[Saved data entries]
....

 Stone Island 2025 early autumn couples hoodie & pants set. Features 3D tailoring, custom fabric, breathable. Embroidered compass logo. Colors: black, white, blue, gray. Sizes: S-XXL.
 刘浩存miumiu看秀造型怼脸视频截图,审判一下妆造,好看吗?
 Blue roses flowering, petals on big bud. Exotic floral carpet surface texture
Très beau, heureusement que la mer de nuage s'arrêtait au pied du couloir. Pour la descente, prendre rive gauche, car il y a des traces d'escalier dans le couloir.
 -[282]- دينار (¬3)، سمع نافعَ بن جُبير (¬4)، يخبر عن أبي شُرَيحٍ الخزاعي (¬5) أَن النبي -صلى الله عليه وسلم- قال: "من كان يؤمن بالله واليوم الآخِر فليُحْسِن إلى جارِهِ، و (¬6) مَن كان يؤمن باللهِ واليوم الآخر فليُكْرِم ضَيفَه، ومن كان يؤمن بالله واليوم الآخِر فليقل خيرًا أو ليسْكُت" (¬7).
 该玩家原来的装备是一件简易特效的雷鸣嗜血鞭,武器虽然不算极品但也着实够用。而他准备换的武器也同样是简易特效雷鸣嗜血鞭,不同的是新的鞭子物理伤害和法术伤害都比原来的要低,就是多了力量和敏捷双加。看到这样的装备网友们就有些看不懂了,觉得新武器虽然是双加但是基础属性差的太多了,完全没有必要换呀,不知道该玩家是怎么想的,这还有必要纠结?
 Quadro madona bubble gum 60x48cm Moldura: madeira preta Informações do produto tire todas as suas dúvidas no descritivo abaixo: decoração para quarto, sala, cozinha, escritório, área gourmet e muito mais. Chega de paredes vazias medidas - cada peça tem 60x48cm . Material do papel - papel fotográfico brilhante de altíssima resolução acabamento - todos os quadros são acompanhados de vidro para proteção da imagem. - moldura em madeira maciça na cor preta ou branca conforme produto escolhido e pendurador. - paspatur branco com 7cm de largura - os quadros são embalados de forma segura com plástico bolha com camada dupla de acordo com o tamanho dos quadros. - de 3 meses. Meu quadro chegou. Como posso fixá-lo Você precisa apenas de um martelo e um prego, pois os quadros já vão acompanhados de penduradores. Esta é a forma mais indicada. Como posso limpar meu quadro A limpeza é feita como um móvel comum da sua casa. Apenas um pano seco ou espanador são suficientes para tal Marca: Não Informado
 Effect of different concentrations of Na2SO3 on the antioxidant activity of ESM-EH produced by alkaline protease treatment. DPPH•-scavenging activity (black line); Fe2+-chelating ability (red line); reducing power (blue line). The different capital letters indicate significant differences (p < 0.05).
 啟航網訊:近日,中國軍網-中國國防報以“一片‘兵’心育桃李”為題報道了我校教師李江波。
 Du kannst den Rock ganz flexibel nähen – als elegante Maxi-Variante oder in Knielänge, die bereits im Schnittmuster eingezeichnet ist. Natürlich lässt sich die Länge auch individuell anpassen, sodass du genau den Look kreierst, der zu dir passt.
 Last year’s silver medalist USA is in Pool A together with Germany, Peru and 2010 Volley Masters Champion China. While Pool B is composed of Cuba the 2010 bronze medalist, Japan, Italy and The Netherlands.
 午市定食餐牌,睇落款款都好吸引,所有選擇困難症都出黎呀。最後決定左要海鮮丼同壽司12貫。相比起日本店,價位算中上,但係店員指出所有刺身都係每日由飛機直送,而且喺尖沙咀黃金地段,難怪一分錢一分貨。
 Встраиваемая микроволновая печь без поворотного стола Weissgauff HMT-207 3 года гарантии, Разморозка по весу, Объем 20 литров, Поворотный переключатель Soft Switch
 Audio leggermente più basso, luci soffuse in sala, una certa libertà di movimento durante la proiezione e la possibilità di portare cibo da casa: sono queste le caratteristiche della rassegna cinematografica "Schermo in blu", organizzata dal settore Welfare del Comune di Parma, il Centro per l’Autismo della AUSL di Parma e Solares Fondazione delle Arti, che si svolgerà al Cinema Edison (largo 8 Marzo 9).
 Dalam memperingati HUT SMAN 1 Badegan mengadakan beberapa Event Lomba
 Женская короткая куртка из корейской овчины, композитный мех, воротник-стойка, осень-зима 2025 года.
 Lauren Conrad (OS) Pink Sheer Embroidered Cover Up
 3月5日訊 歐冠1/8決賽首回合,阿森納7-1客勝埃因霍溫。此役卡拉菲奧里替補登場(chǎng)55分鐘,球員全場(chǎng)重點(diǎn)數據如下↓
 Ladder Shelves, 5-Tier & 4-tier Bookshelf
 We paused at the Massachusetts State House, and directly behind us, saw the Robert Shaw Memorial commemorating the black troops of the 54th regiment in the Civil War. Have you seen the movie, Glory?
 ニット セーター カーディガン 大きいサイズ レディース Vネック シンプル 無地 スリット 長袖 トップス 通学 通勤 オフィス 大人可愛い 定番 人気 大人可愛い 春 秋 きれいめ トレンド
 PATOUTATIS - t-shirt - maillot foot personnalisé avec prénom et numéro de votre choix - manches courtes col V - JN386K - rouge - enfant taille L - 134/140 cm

....

REQUIRED WORK =>
Your answer should consist of each line above in which "года" appears.

ANSWER FOR THE TASK =>
 Встраиваемая микроволновая печь без поворотного стола Weissgauff HMT-207 3 года гарантии, Разморозка по весу, Объем 20 литров, Поворотный переключатель Soft Switch
 Женская короткая куртка из корейской овчины, композитный мех, воротник-стойка, осень-зима 2025 года.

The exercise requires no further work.